* Task to complete
When you restate the data, keep every word as it is and drop the images.

* Source data

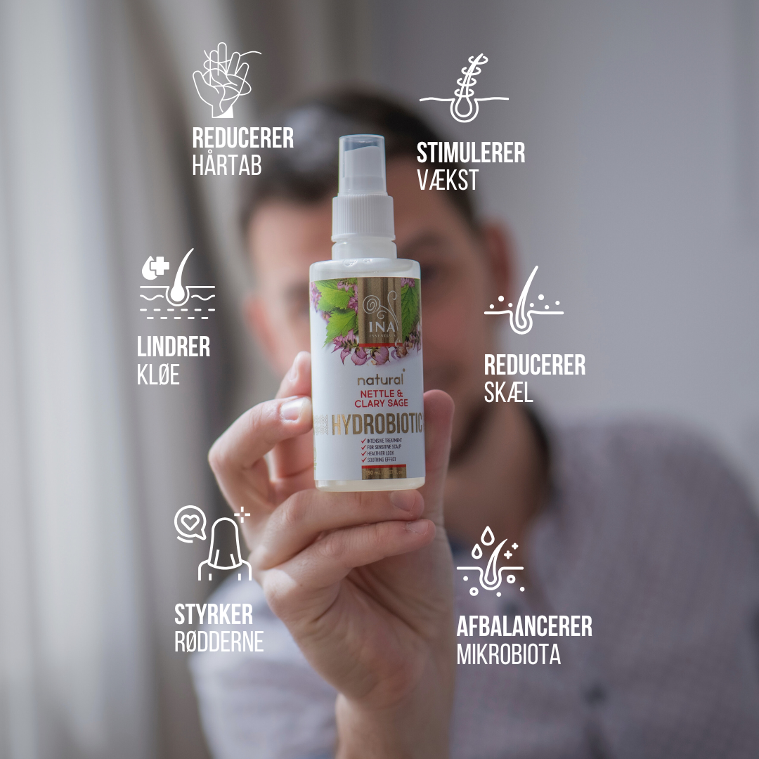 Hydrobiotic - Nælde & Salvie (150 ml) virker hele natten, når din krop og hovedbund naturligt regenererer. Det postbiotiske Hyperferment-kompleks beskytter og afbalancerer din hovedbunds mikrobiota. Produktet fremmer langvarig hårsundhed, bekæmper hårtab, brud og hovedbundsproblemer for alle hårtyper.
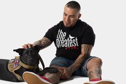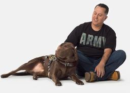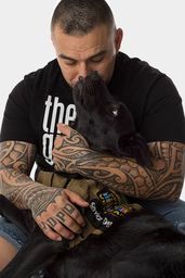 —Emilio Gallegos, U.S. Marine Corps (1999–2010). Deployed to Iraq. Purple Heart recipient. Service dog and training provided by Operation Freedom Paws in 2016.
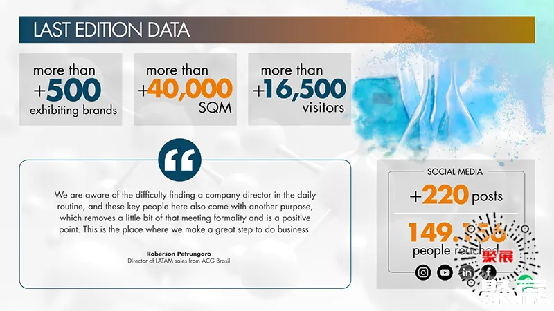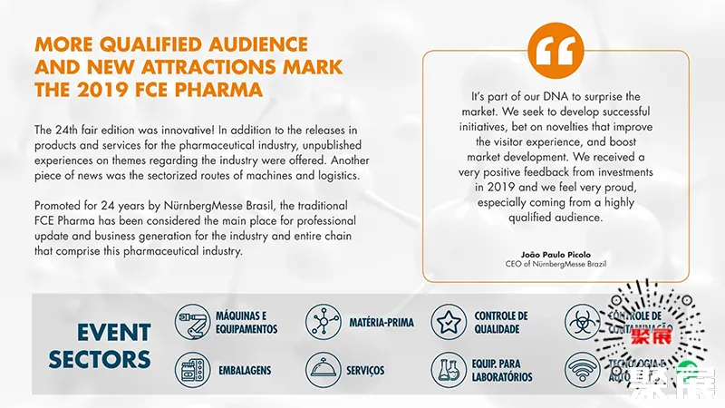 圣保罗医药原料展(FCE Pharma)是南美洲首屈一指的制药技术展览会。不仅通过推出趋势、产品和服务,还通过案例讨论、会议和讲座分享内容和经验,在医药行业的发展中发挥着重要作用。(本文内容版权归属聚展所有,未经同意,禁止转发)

* Exercise response
 Hydrobiotic - Nælde & Salvie (150 ml) virker hele natten, når din krop og hovedbund naturligt regenererer. Det postbiotiske Hyperferment-kompleks beskytter og afbalancerer din hovedbunds mikrobiota. Produktet fremmer langvarig hårsundhed, bekæmper hårtab, brud og hovedbundsproblemer for alle hårtyper.
 —Emilio Gallegos, U.S. Marine Corps (1999–2010). Deployed to Iraq. Purple Heart recipient. Service dog and training provided by Operation Freedom Paws in 2016.
 圣保罗医药原料展(FCE Pharma)是南美洲首屈一指的制药技术展览会。不仅通过推出趋势、产品和服务,还通过案例讨论、会议和讲座分享内容和经验,在医药行业的发展中发挥着重要作用。(本文内容版权归属聚展所有,未经同意,禁止转发)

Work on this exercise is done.